The mdSummary action calculates multidimensional summaries of numeric variables. This action is particularly useful for exploring data by generating descriptive statistics for various subgroups, which is a fundamental step in data analysis and reporting.
| Parameter | Description |
|---|---|
| attributes | Specifies the variable attributes. |
| descending | When set to True, the formatted levels of the variables are arranged in descending order. |
| groupByLimit | Specifies the maximum number of levels in a group-by set. When the server determines this number of levels, the server stops and does not return a result. Specify this parameter if you want to avoid creating large result sets in group-by operations. |
| includeMissing | When set to True, missing values are included in the determination of group-by values. |
| inputs | Specifies the input variables for the analysis. |
| orderByGbyRaw | When set to True, the ordering of the group-by variables is based on the raw values of the variables, not the formatted values. |
| returnValidSet | When set to True, the group-by sets whose sizes do not exceed the specified group-by limit are returned. |
| sets | Specifies the set specifications, allowing for different group-by variables and filters in a single call. |
| subSet | Specifies the summary statistics to generate (e.g., MEAN, SUM, N, MIN, MAX). |
| table | Specifies the input CAS table for the analysis. |
| weight | Specifies a numeric variable whose values weight the values of the analysis variables. |
The following code creates a sample table named 'CARS' in the 'casuser' caslib, which will be used in the examples. This table contains information about different car models, including their type, origin, and engine size.

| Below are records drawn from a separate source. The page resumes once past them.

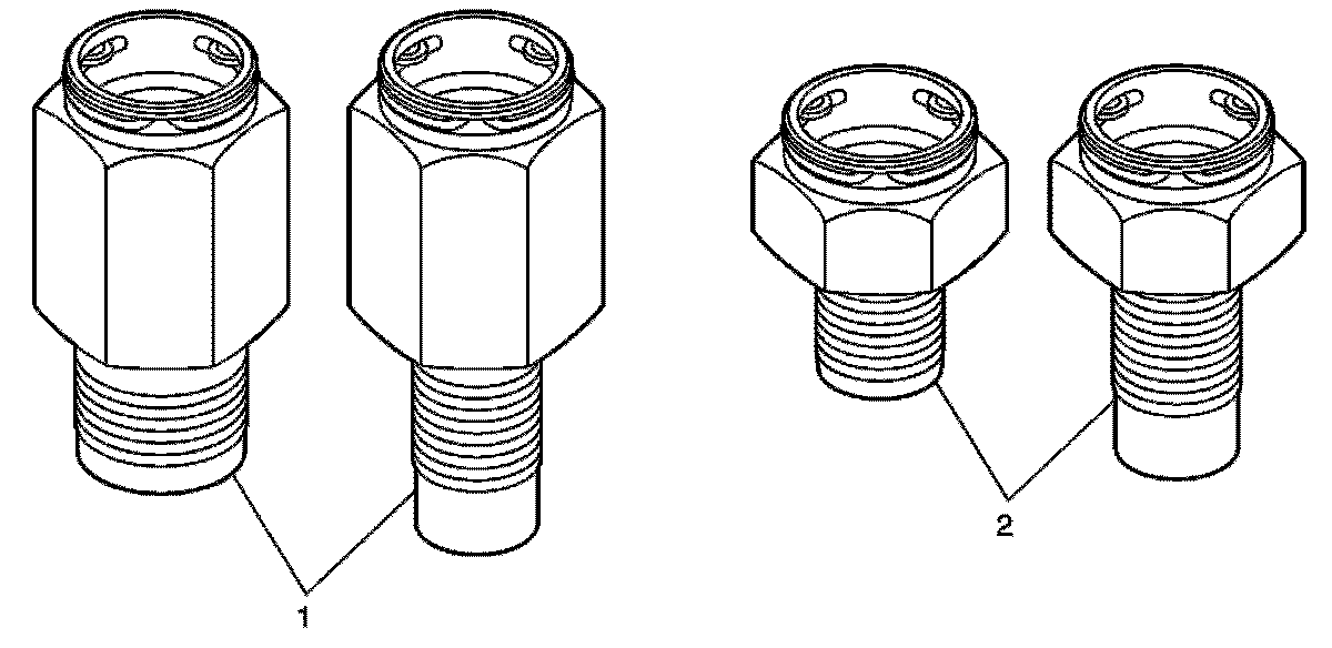 A change to the transmission cooler line fittings was implemented in production on February 1, 2004. The cooler line fittings were changed to a design with a longer lead in pilot (1). The cooler line fittings with the longer lead in pilot will not fit on models built before February 1, 2004.
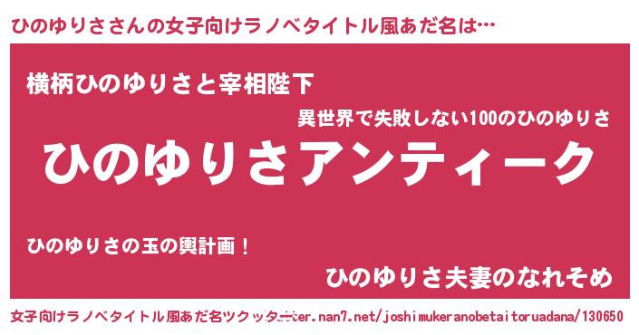 | 意味不明あだ名 | 『自称ひのゆりさ』『永久保存ひのゆりさ』 |
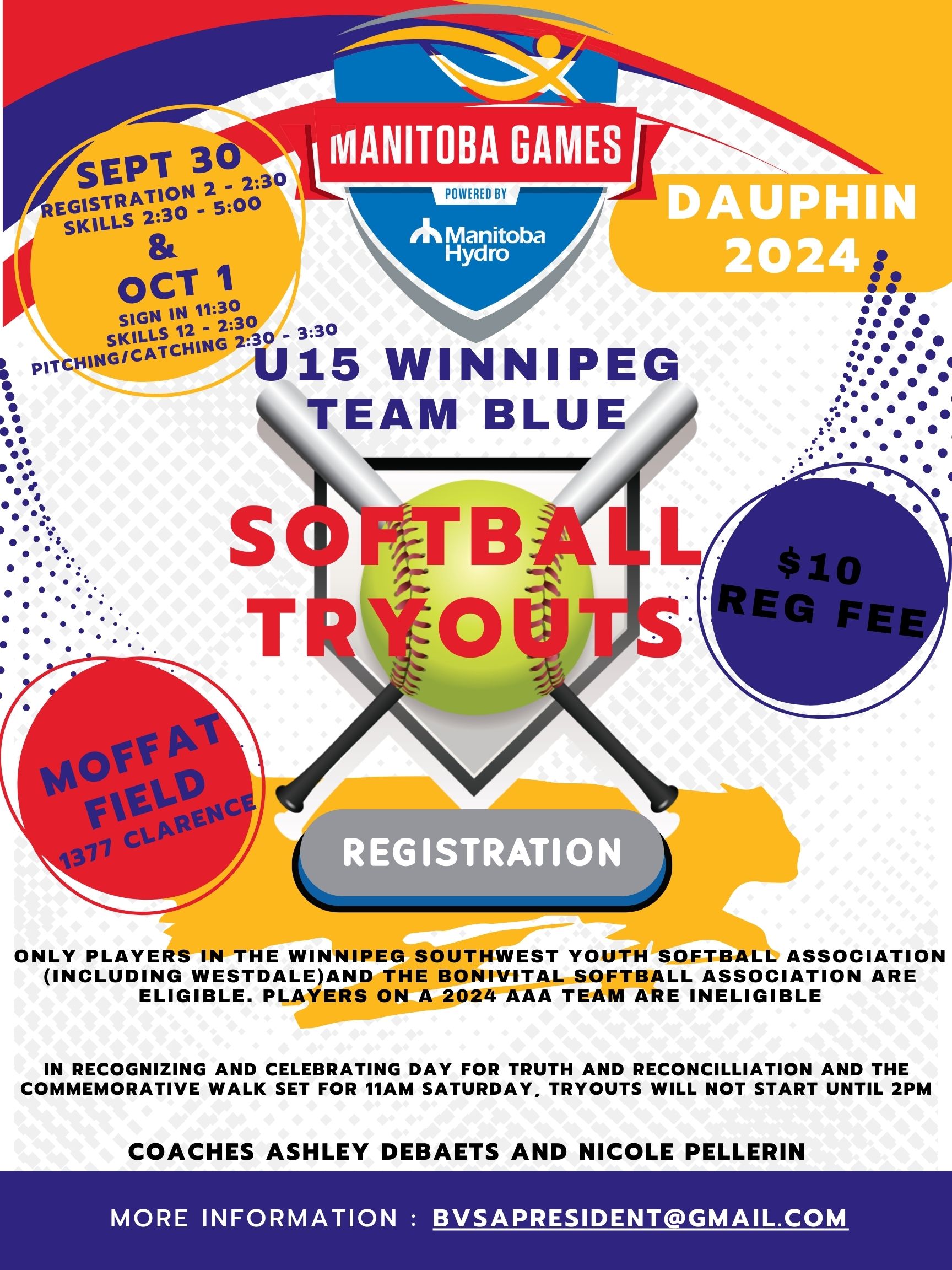 Tryouts are only available to A and AA softball players. If you are on a AAA team, you are ineligible to tryout.
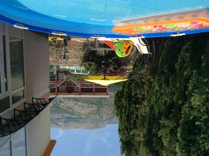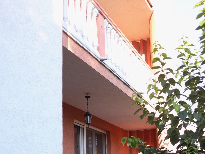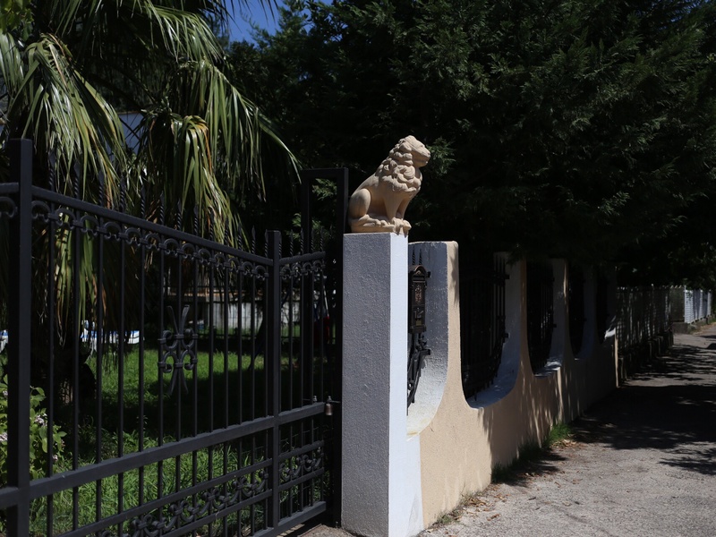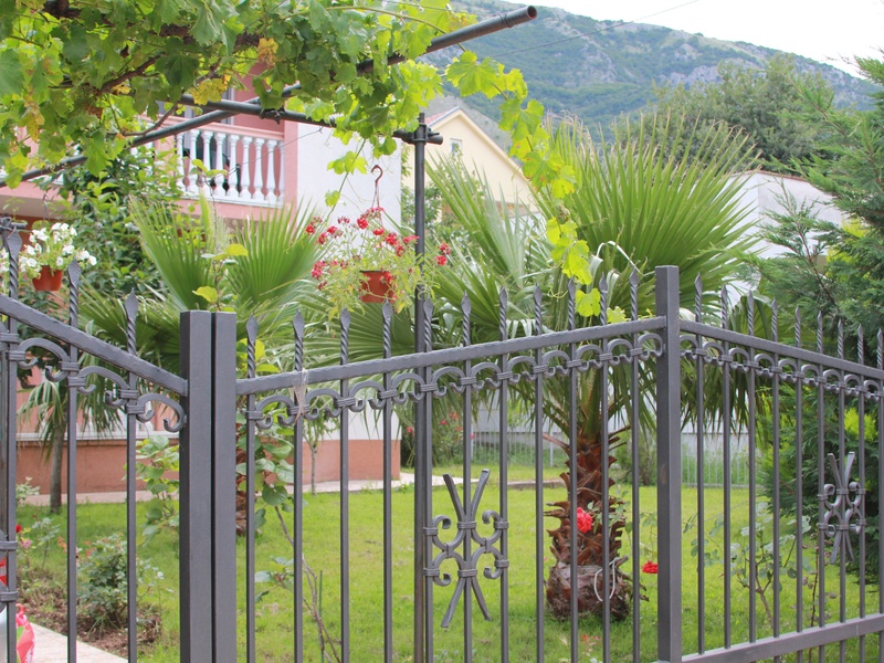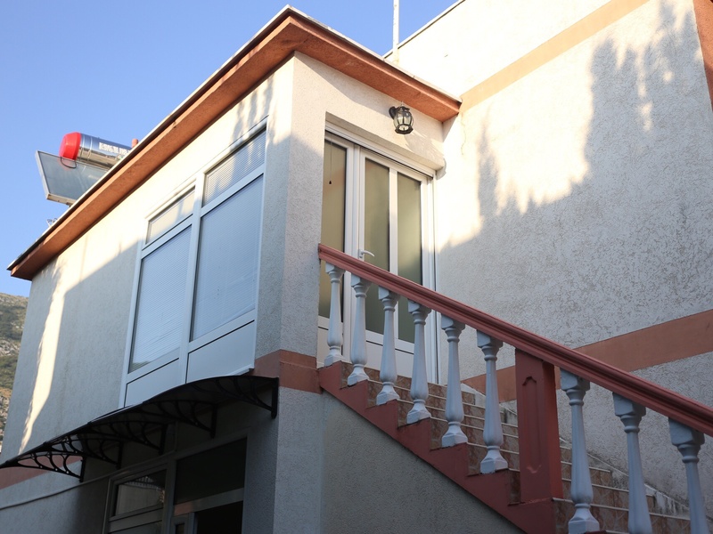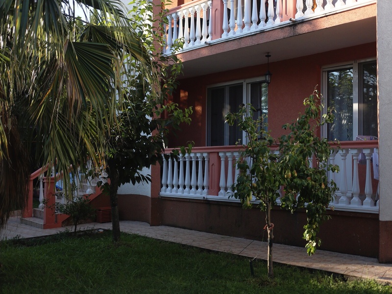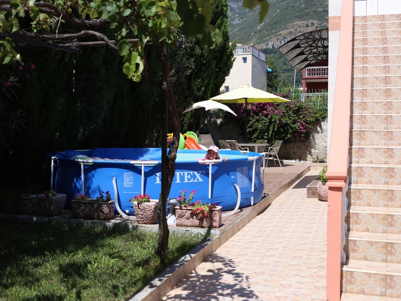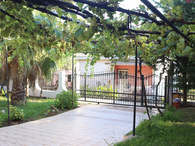 садом ,виноград и плодовые деревья, груши, черешня, хурма . Дворовая территория ухожена и оснащена современной системой полива . У дома есть площадка с зоной для отдыха ,  парковка для 2 машин . Вода централизованная, отличного качества, горячая от системы солнечного обогрева , система современная . Есть где поставить бассейн в том числе стационарный. Дом хорошо сдается в сезон с июня по октябрь. Рядом , 5 минут ходьбы супермаркеты, аптеки, кафе , рестораны . Дом находится ниже главной дороги, поэтому шума от машин нет, воздух чистый. Вообще тихое и прекрасное место . До города Бар на авто или автобусе 10 минут , до аэропорта Тиват или Подгорица 40 минут . Соседи доброжелательные . Идеален для семей с детьми .
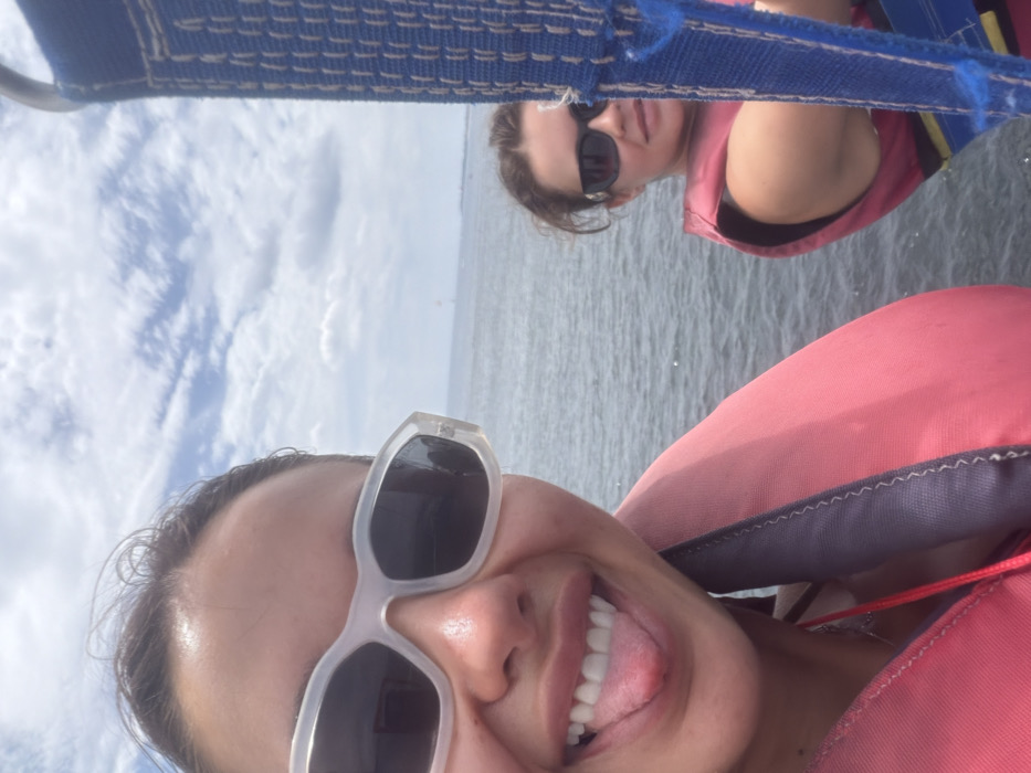 - "Two women wearing sunglasses and orange life vests are posing for a selfie against a backdrop of water and cloudy sky" by FM-JxfQU2, licensed under CC BY 4.0
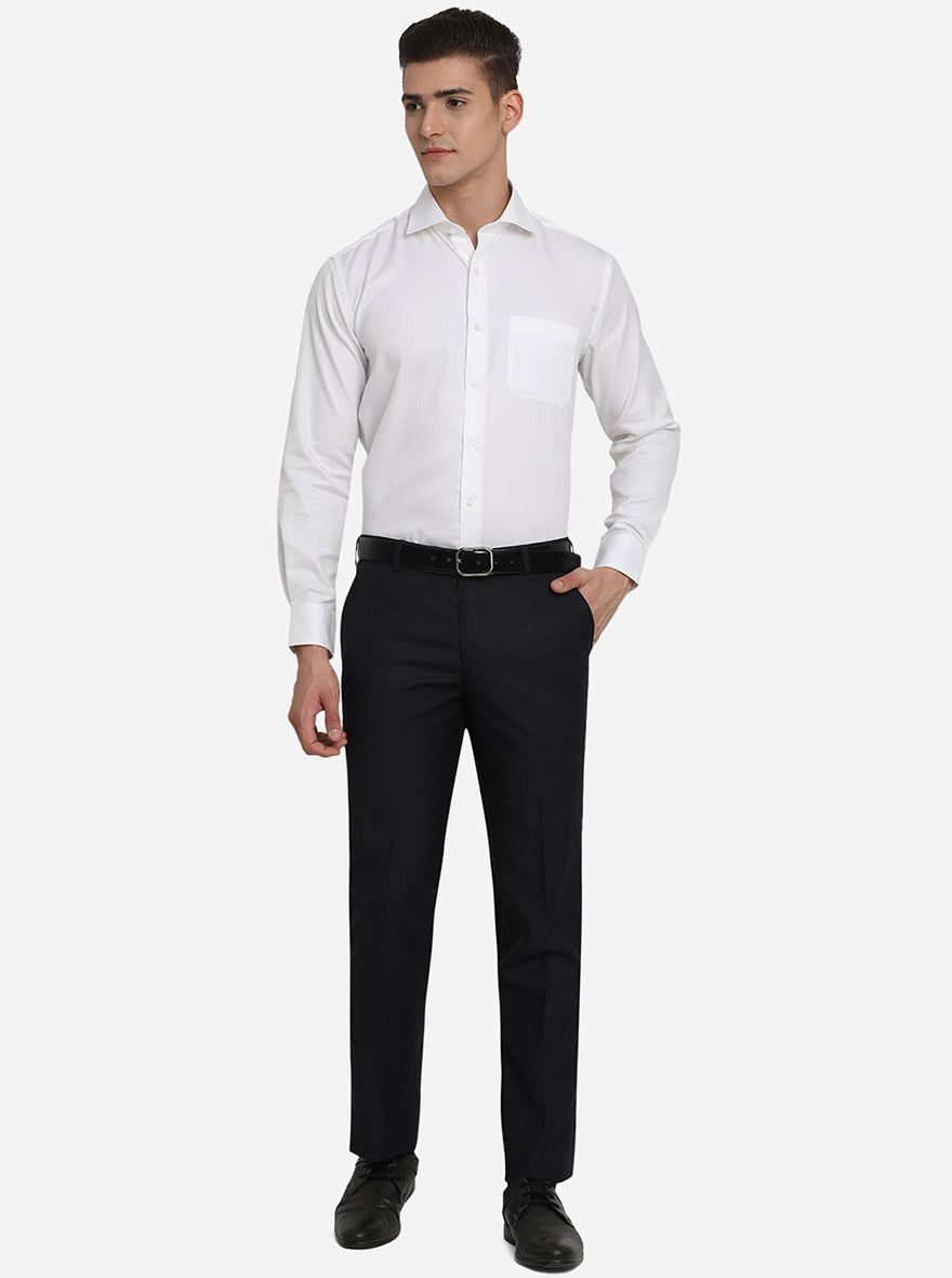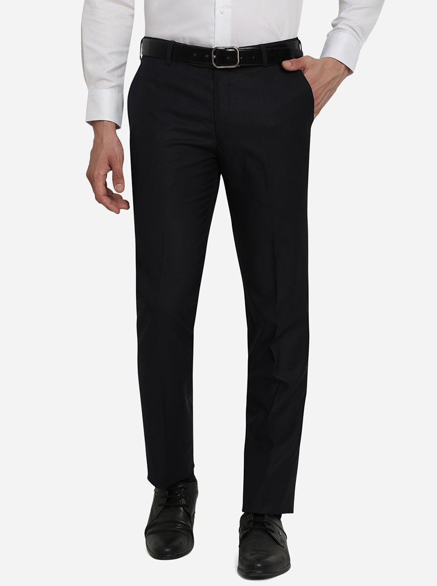 Navy Blue Solid Slim Fit Formal Trouser | Greenfibre
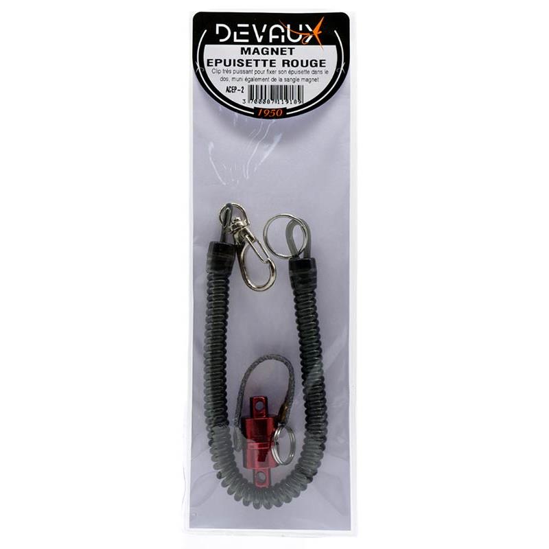 Starker Magnetclip, mit dem sich der Kescher durch einfachen Zug transportieren und abnehmen lässt. Wird mit der Spiralkordel DVX und dem Magnetgurt DVX geliefert.
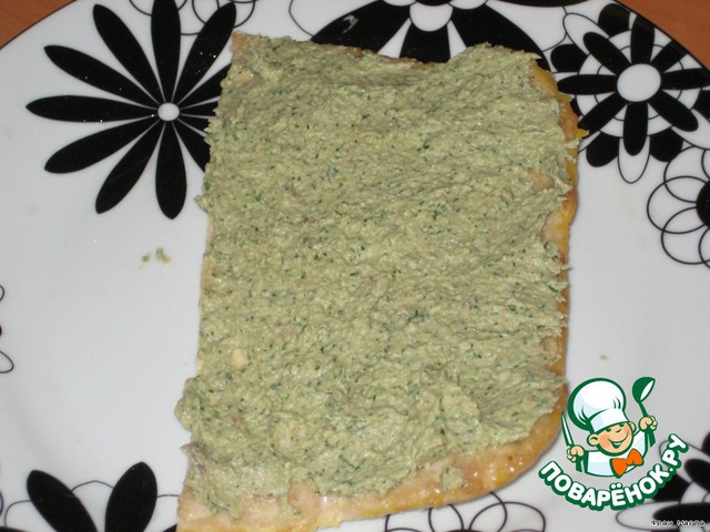 Я коржи резала поперек пополам, потому что они у меня слишком большие получились (нет маленькой формы). Каждый корж промазываем нашим сырно-чесночно-грибным кремом, даем немного постоять (пропитаться).
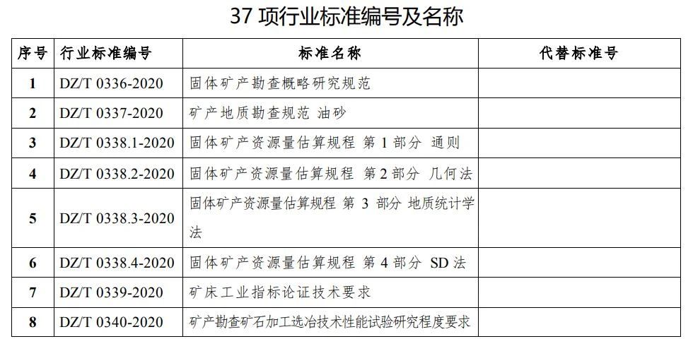 《固體礦產勘查概略研究規范》等37項行業標準和9項行業標準修改單已通過全國自然資源與國土空間規劃標準化技術委員會審查,現予批準、發布,并于發布之日起實施。編號及名稱見附件。
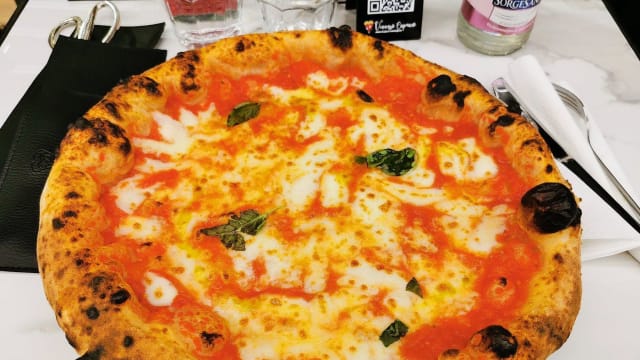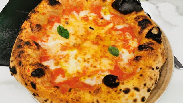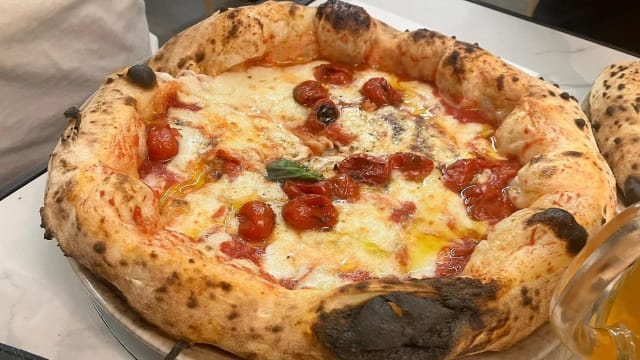 Passata di pomodorini del piennolo, fiordilatte dei monti, olive taggiasche, funghi porcini. In uscita: cuore di carciofo, prosciutto cotto, olio evo e basilico
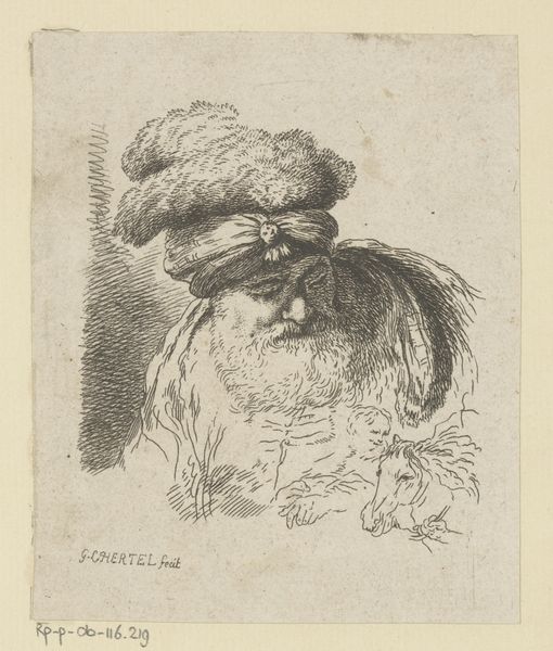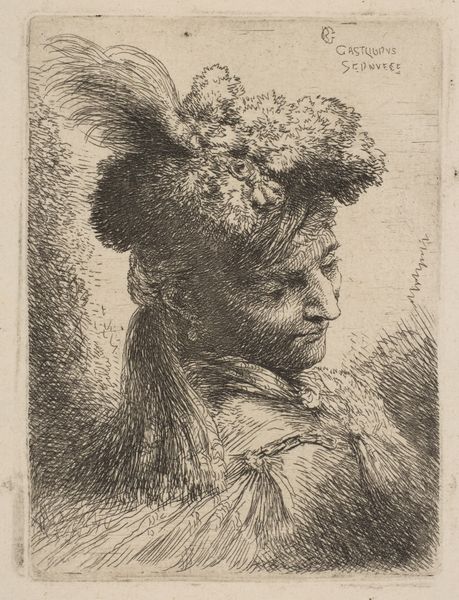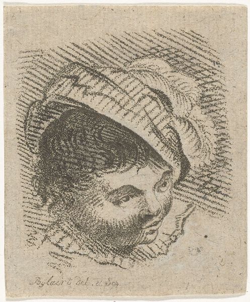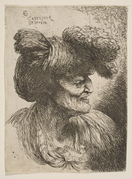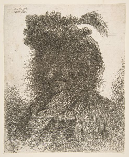 Giovanni Benedetto Castiglione created this etching, "Young man with a trumpet facing left," using metal, acid, and paper. Etching involves coating a metal plate with a waxy, protective layer, drawing an image through it, and then immersing the plate in acid. The acid bites into the exposed metal, creating lines that hold ink. Castiglione then printed the image onto paper, resulting in the artwork we see here. Look closely and you will see how the qualities of the etched line have imbued the artwork with social or cultural significance. The process allowed him to create intricate details and textures, capturing the young man's features and clothing with a remarkable sense of realism. The lines create a dynamic sense of light and shadow, adding depth and volume to the image. The image shows the cultural and aesthetic interest in ‘oriental’ dress at the time. By understanding the materials, making, and context, we gain a deeper appreciation for the artistic skill involved and a richer understanding of the artwork's historical and cultural meaning.

| 1 | DATA casuser.cars; |
| 2 | LENGTH Type $ 10 Origin $ 10; |
| 3 | INFILE DATALINES delimiter=','; |
| 4 | INPUT Type $ Origin $ EngineSize Horsepower MPG_City; |
| 5 | DATALINES; |
| 6 | Sedan,Asia,1.6,120,30 |
| 7 | Truck,USA,5.0,300,15 |
| 8 | Sedan,Europe,2.0,150,25 |
| 9 | SUV,USA,3.5,280,18 |
| 10 | Hybrid,Asia,1.8,100,45 |
| 11 | Sports,Europe,3.0,350,20 |
| 12 | Truck,Asia,2.4,180,20 |
| 13 | Sedan,USA,2.5,170,24 |
| 14 | ; |
| 15 | RUN; |
This example calculates the mean, sum, and count (N) for the 'Horsepower' variable, grouped by car 'Type' and 'Origin'.
| 1 | PROC CAS; |
| 2 | SIMPLE.mdSummary / |
| 3 | TABLE={name='cars'}, |
| 4 | inputs={{name='Horsepower'}}, |
| 5 | subSet={'mean', 'sum', 'N'}, |
| 6 | sets={{groupBy={'Type', 'Origin'}}}; |
| 7 | RUN; |
This example demonstrates a more complex use of mdSummary. It processes two different sets of data in a single call. The first set calculates various statistics (Mean, Min, Max, Std) for 'EngineSize' and 'Horsepower' grouped by 'Type'. The second set calculates the same statistics for cars from 'USA' only, grouped by 'Type'. This showcases the flexibility of the 'sets' parameter for conditional analysis.
| 1 | PROC CAS; |
| 2 | SIMPLE.mdSummary / |
| 3 | TABLE={name='cars'}, |
| 4 | subSet={'mean', 'min', 'max', 'std'}, |
| 5 | inputs={{name='EngineSize'}, {name='Horsepower'}}, |
| 6 | sets={ |
| 7 | {groupBy={'Type'}}, |
| 8 | {groupBy={'Type'}, where='Origin="USA"'} |
| 9 | }; |
| 10 | RUN; |